_Instructions to follow_
Nothing but the lines below from the one that contains "(图为天水市美协副主席、秦州区文化馆馆长赵晖现场创作 )" through the one that contains "Figure 5. This" should be retyped, exactly and including both ends. Do not include pictures.

_Provided material_
------------------------------------------------------------
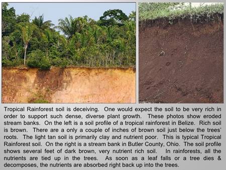 热带地区的土壤:枯枝落叶以及其他这类落地的有机物在微生物和小动物的作用下会迅速分解
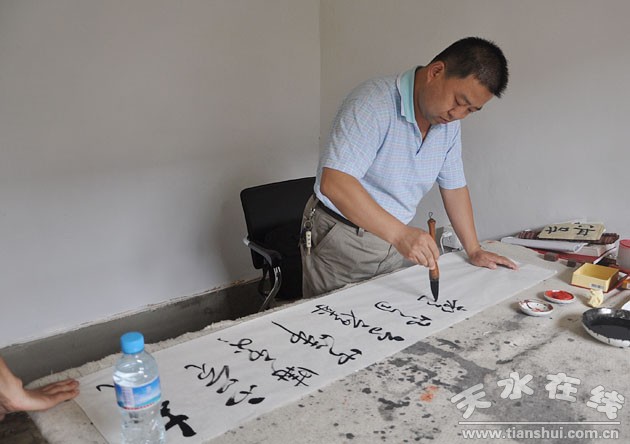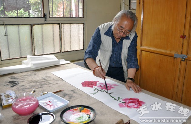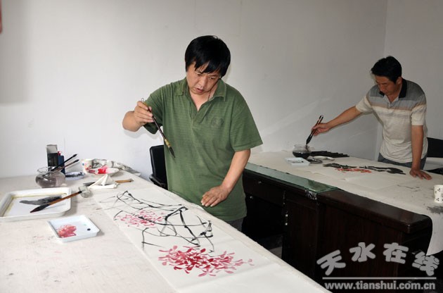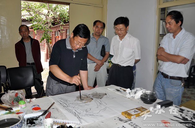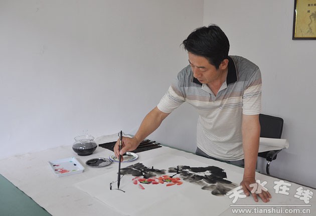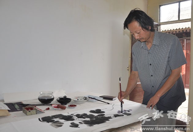 (图为天水市美协副主席、秦州区文化馆馆长赵晖现场创作 )
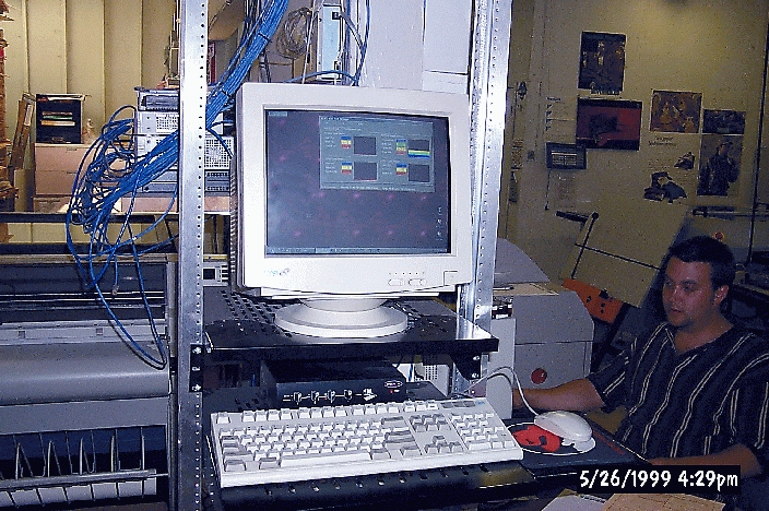 Figure 5. This Rack houses three computers. Two are Harlequin RIP that drive the Presstek platesetters and Quickmaster DI. The third is an SMP Intel machine running SuSE Linux 6.1 that houses Quality's web site (https://www.qualityprinting.com/), e-mail, FTP, DNS and proxy server for the company LAN. The network switches, T1 and DSL routers are seen behind the monitor. Pre-Press Manager Jason Clifton is shown at right.
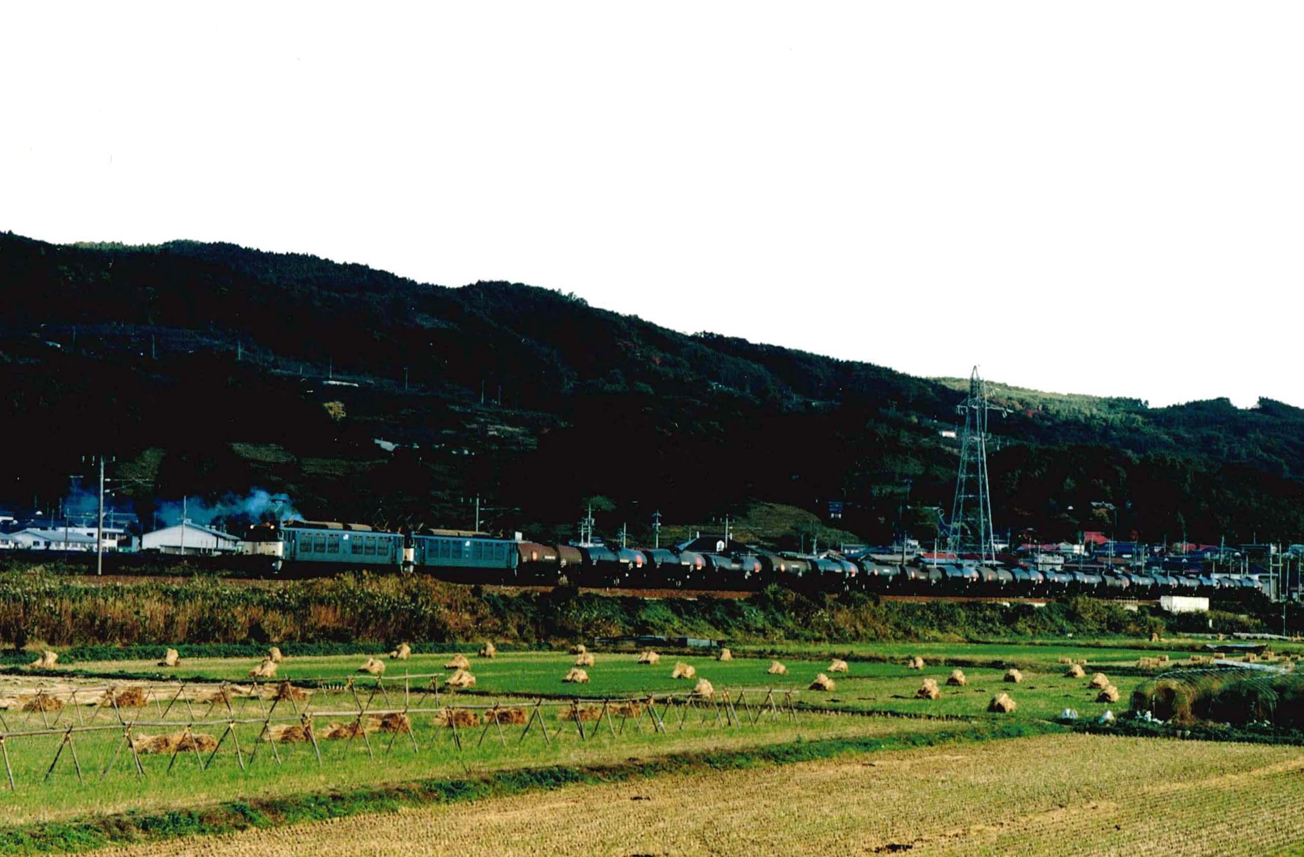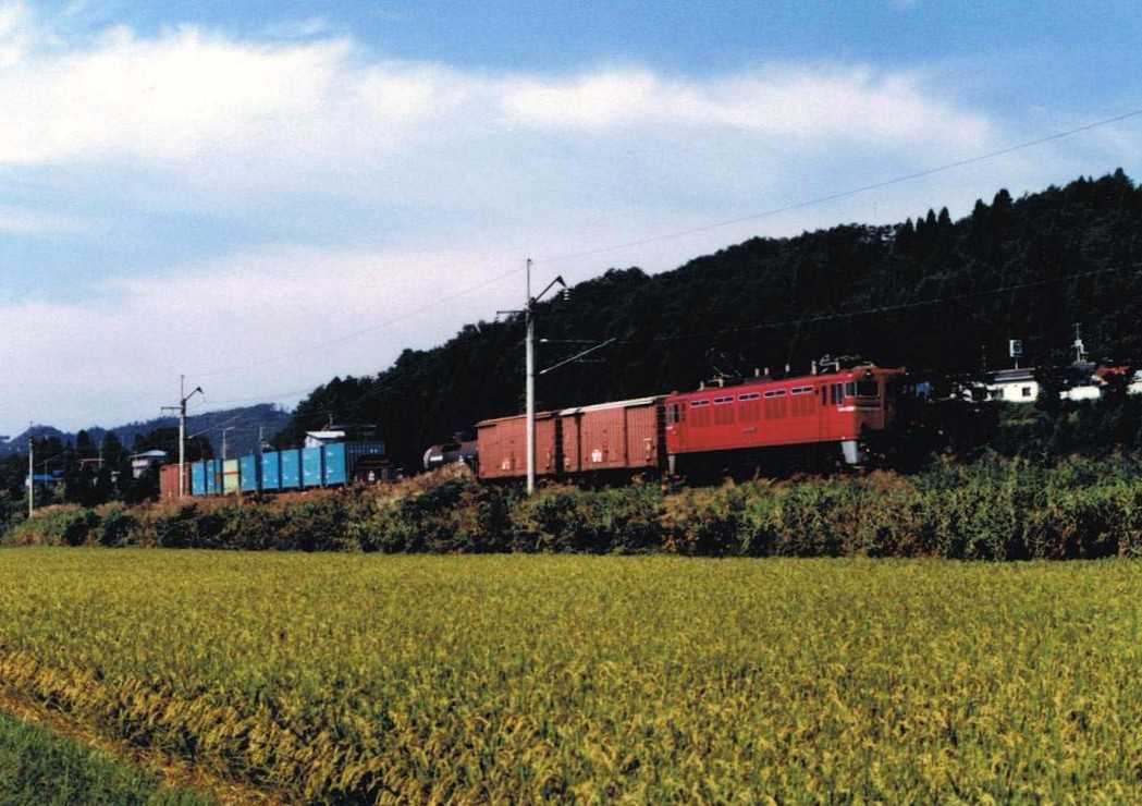 ED75700番台牽引貨物列車:奥羽本線今回は1枚のみですが、奥羽本線で撮影したED75700番台牽引の貨物列車です。昭和61年9月9日 奥羽本線(撮影地不詳) ED75700番台牽引 貨物列車撮影場所が不詳ですが、多分、鷹ノ巣辺りだと思います。寝台特急「日本海」の写真を撮るために構えていた際に通り掛かったもので、編成は短く、ワム80000やタキ・トラ・コキが少しずつ連なる区間貨物っぽいです。59・2改正を過ぎていますので、既に緩急車の連結もなく、ローカル然とした編成ですが、さらに時代が進むと、辛うじて残っていた駅扱い・車扱いも殆ど廃止され、このような編成も消えていくことになります。国鉄時代末期のローカル貨物の最後の姿です。
------------------------------------------------------------
_Task answer_
 (图为天水市美协副主席、秦州区文化馆馆长赵晖现场创作 )
 Figure 5. This Rack houses three computers. Two are Harlequin RIP that drive the Presstek platesetters and Quickmaster DI. The third is an SMP Intel machine running SuSE Linux 6.1 that houses Quality's web site (https://www.qualityprinting.com/), e-mail, FTP, DNS and proxy server for the company LAN. The network switches, T1 and DSL routers are seen behind the monitor. Pre-Press Manager Jason Clifton is shown at right.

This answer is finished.